Model parameters control every aspect of how your AI behaves - from creativity and randomness to memory and processing speed. Understanding these settings helps you get the most out of both local and cloud models.

<Info>
  You can adjust parameters per-conversation or set permanent defaults for each model. Changes apply immediately.
</Info>

## Accessing Settings

There are multiple ways to configure model behavior:

<Tabs>
  <Tab title="Per-Conversation">
    Adjust settings for a specific chat:

    1. Open any conversation
    2. Click the **gear icon** next to your selected model
    3. Modify parameters in the sidebar
    4. Changes apply to this conversation only

    <Tip>
      Use per-conversation settings to experiment without affecting your model's default behavior.
    </Tip>
  </Tab>

  <Tab title="Permanent Defaults">
    Set default parameters for a model:

    1. Go to **Settings > Model Providers > Llama.cpp** (or your provider)
    2. Find your model in the list
    3. Click the **gear icon** next to the model
    4. Adjust default parameters
    5. These settings apply to all new conversations
  </Tab>

  <Tab title="Model Capabilities">
    Enable/disable special features:

    1. Go to **Settings > Model Providers > \[Provider]**
    2. Find your model
    3. Click the **edit button** next to the model
    4. Toggle capabilities:
       * **Vision**: Image understanding
       * **Tools**: External tool calling (MCP)
       * **Embeddings**: Vector representations
       * **Reasoning**: Step-by-step thinking
  </Tab>
</Tabs>

## Core Parameters

### Temperature

Controls randomness and creativity in responses.

| Value         | Behavior                          | Best For                                      |
| ------------- | --------------------------------- | --------------------------------------------- |
| **0.0 - 0.3** | Deterministic, focused, factual   | Code generation, math, factual Q\&A           |
| **0.4 - 0.7** | Balanced creativity and coherence | General chat, explanations, summaries         |
| **0.8 - 1.0** | Creative, varied, exploratory     | Creative writing, brainstorming, storytelling |
| **1.0+**      | Highly random, experimental       | Experimental or artistic purposes             |

<CodeGroup>
  ```bash Low Temperature (0.2) theme={null}
  # Same prompt, similar outputs
  Prompt: "What is 2+2?"
  Output 1: "2+2 equals 4."
  Output 2: "2+2 equals 4."
  Output 3: "2+2 equals 4."
  ```

  ```bash High Temperature (1.0) theme={null}
  # Same prompt, varied outputs
  Prompt: "Describe a sunset"
  Output 1: "Golden rays paint the sky crimson..."
  Output 2: "The sun melts into the horizon like honey..."
  Output 3: "Fiery oranges blend with deep purples..."
  ```
</CodeGroup>

<Tip>
  Start with **0.7** for general use. Lower it for precision tasks, raise it for creative work.
</Tip>

### Top P (Nucleus Sampling)

Controls diversity by limiting the pool of considered tokens.

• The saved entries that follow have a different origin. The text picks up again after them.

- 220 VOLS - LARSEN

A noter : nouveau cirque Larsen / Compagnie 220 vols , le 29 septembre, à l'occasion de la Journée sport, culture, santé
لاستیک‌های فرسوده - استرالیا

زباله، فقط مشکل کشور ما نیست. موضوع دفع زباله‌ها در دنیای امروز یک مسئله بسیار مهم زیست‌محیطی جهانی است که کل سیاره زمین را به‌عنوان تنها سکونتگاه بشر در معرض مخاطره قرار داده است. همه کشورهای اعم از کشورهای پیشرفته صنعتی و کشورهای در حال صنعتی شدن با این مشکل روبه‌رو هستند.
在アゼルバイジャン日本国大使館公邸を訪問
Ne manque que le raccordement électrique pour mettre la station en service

* **0.9** (default): Considers top 90% probability tokens - good balance
* **0.95**: Slightly more diverse outputs
* **0.5**: Very focused, less variety
* **1.0**: Considers all tokens

<Info>
  Top P works together with temperature. Both control randomness, but in different ways. Most users can leave Top P at default (0.9-0.95).
</Info>

### Top K

Limits the model to choosing from the K most likely next tokens.

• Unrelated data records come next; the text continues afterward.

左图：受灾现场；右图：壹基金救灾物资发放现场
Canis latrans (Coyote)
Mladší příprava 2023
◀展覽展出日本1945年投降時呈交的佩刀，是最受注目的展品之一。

* **40** (default): Moderate variety
* **20**: More focused outputs
* **80-100**: More diverse outputs

<Note>
  Top K and Top P serve similar purposes. Many models work well with defaults - adjust only if you notice issues with repetition or randomness.
</Note>

### Max Tokens

Maximum number of tokens the model can generate in a single response.

* **512**: Short responses (a few paragraphs)
* **2048**: Medium responses (most use cases)
* **4096+**: Long-form content (essays, code, detailed explanations)
* **-1**: Unlimited (continues until natural stopping point)

<Warning>
  Higher max tokens = longer potential responses but also higher processing time and cost (for cloud models). The model may stop earlier if it naturally completes the response.
</Warning>

## Memory Settings

### Context Length (Context Size)

How much conversation history the model remembers.

| Tokens     | Approximate Words | Best For                                   |
| ---------- | ----------------- | ------------------------------------------ |
| **2048**   | \~1,500 words     | Short Q\&A, limited RAM                    |
| **4096**   | \~3,000 words     | Standard conversations                     |
| **8192**   | \~6,000 words     | Long discussions (default)                 |
| **16384+** | \~12,000+ words   | Very long conversations, document analysis |
| **32768+** | \~24,000+ words   | Entire documents, extensive context        |

<Info>
  Jan defaults to **8192 tokens** or your model's maximum (whichever is smaller). This handles most conversations well.
</Info>

**Memory Impact**:

* Longer context = more RAM/VRAM usage
* Each message in history consumes context
* Tools and system prompts also use context

<Tip>
  If you hit context limits, start a new conversation or summarize the discussion so far.
</Tip>

## Hardware Acceleration

### GPU Layers (ngl)

Controls how many model layers run on your GPU vs CPU.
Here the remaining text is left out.